Apoptosis occurs when BAX - the "executioner protein" in cells - is activated by "pro-apoptotic" proteins in the cell. Once activated, BAX molecules home in on and punch lethal holes in mitochondria, the parts of cells that produce energy. But all too often, cancer cells manage to prevent BAX from killing them. They ensure their survival by producing copious amounts of "anti-apoptotic" proteins that suppress BAX and the proteins that activate it. "Our novel compound revives suppressed BAX molecules in cancer cells by binding with high affinity to BAX's activation site. BAX can then swing into action, killing cancer cells while leaving healthy cells unscathed."

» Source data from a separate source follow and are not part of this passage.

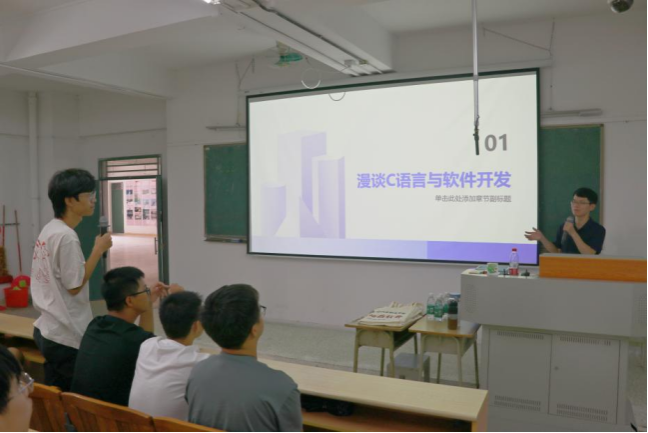 分享会的尾声,陈凯枫主动抛出行业发展与专业学习相关的关键问题,如“AI对软件开发有什么影响”“同学们对C语言与软件开发有多少了解”等,巧妙激发同学们的思考热情。现场氛围瞬间升温,同学们纷纷结合自身困惑踊跃提问,问题覆盖全面且贴合需求。陈凯枫耐心倾听每一个疑问,结合行业背景与企业案例进行细致解答,不仅帮助同学们厘清了对行业现状的认知,更让不少同学在答疑中找到了属于自己的职业方向,真正实现了“带着疑问来,满载收获归”。
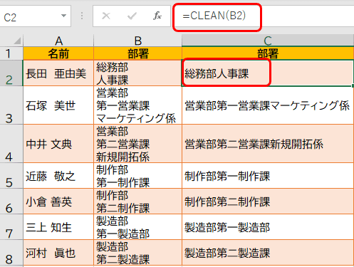 見やすくはなりますが、いざデータとして利用したいときには、邪魔になります。そんな時に便利なのがCLEAN関数です。
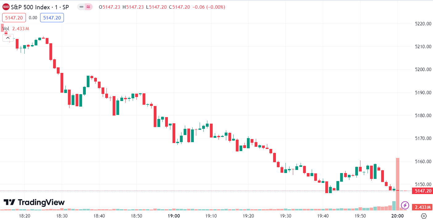- S&P 500 Index declined by 64.28 points, or 1.23%, to 5,147.21.
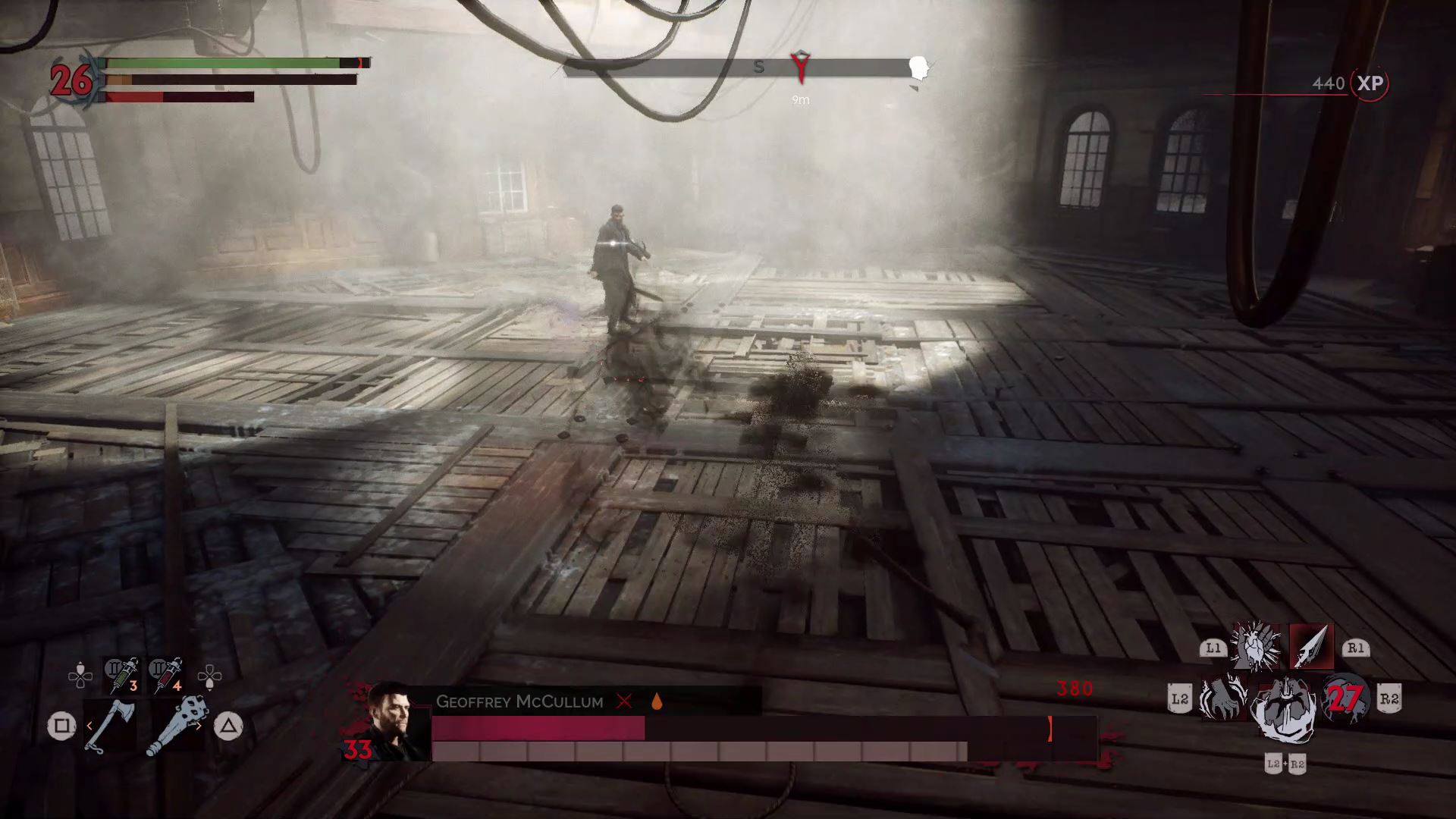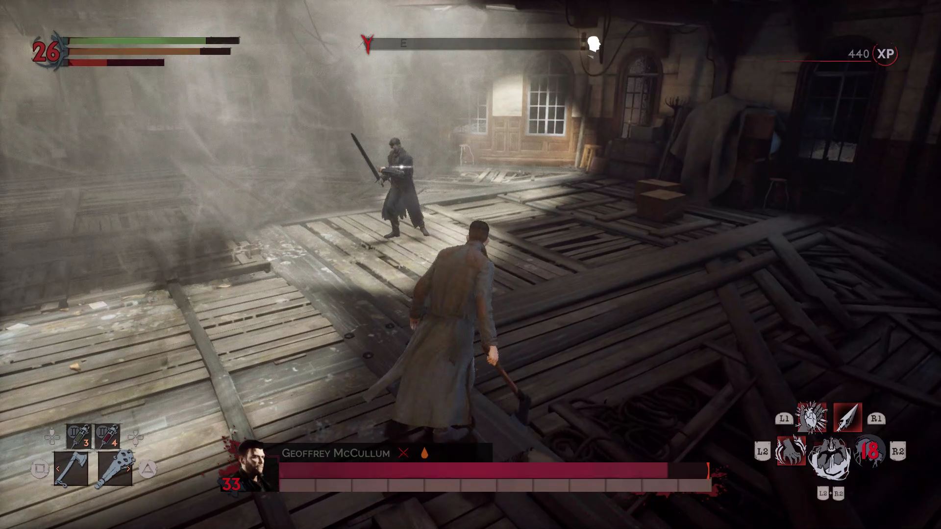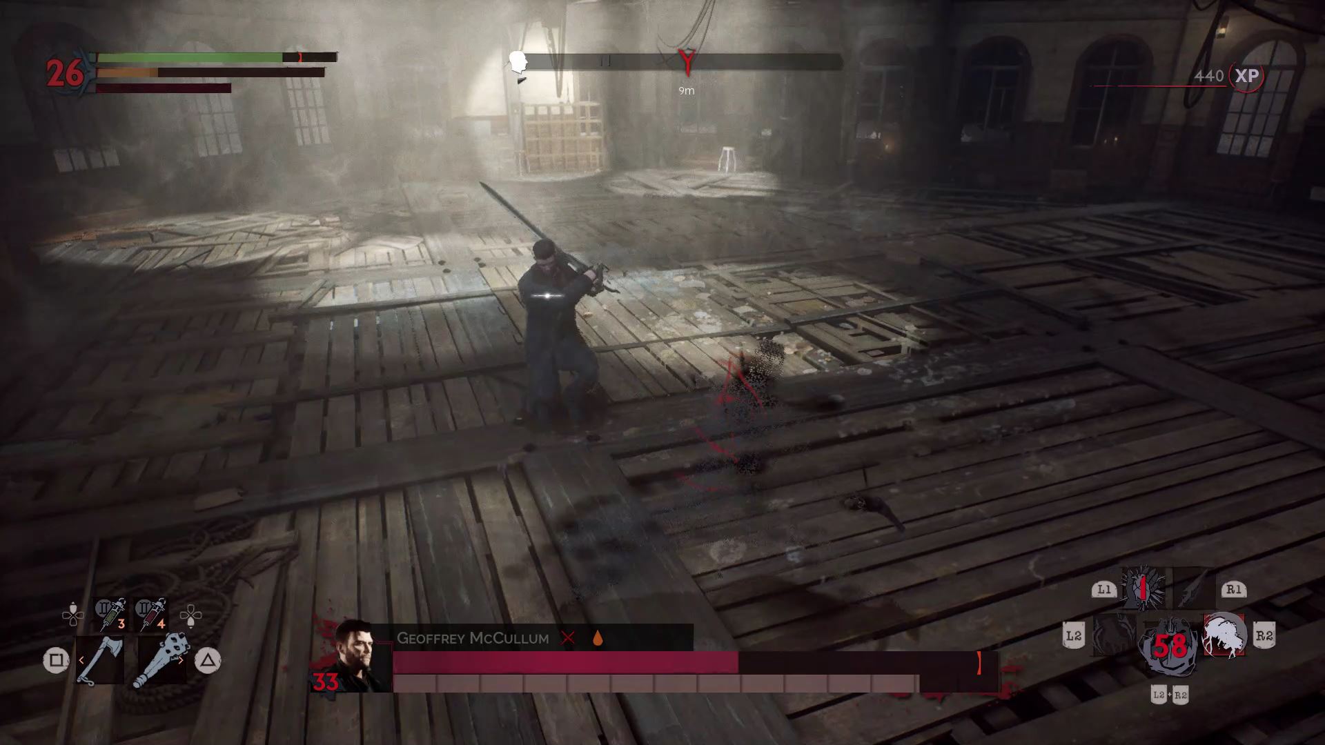 One of the easier boss battles. He’s fast and he uses ultraviolet lights to stun / drain your blood. Watch out for his crossbow bolts at range! Once he takes enough damage, he’ll start to use his sword more. Despite the cure he drinks, you can still stun him and drink his blood to replenish your blood meter.

Researchers first described the structure and shape of BAX's activation site in 2008, and have since looked for small molecules that can activate BAX strongly enough to overcome cancer cells' resistance to apoptosis. The team initially used computers to screen more than one million compounds to reveal those with BAX-binding potential. The most promising 500 compounds were then evaluated in the laboratory. A compound dubbed BTSA1 (short for BAX Trigger Site Activator 1) proved to be the most potent BAX activator, causing rapid and extensive apoptosis when added to several different human AML cell lines. The researchers next tested BTSA1 in blood samples from patients with high-risk AML. Strikingly, BTSA1 induced apoptosis in the patients' AML cells but did not affect patients' healthy blood-forming stem cells.
Finally, the researchers generated animal models of AML by grafting human AML cells into mice. BTSA1 was given to half the AML mice while the other half served as controls. On average, the BTSA1-treated mice survived significantly longer (55 days) than the control mice (40 days), with 43 percent of BTSA1-treated AML mice alive after 60 days and showing no signs of AML. Importantly, the mice treated with BTSA1 showed no evidence of toxicity.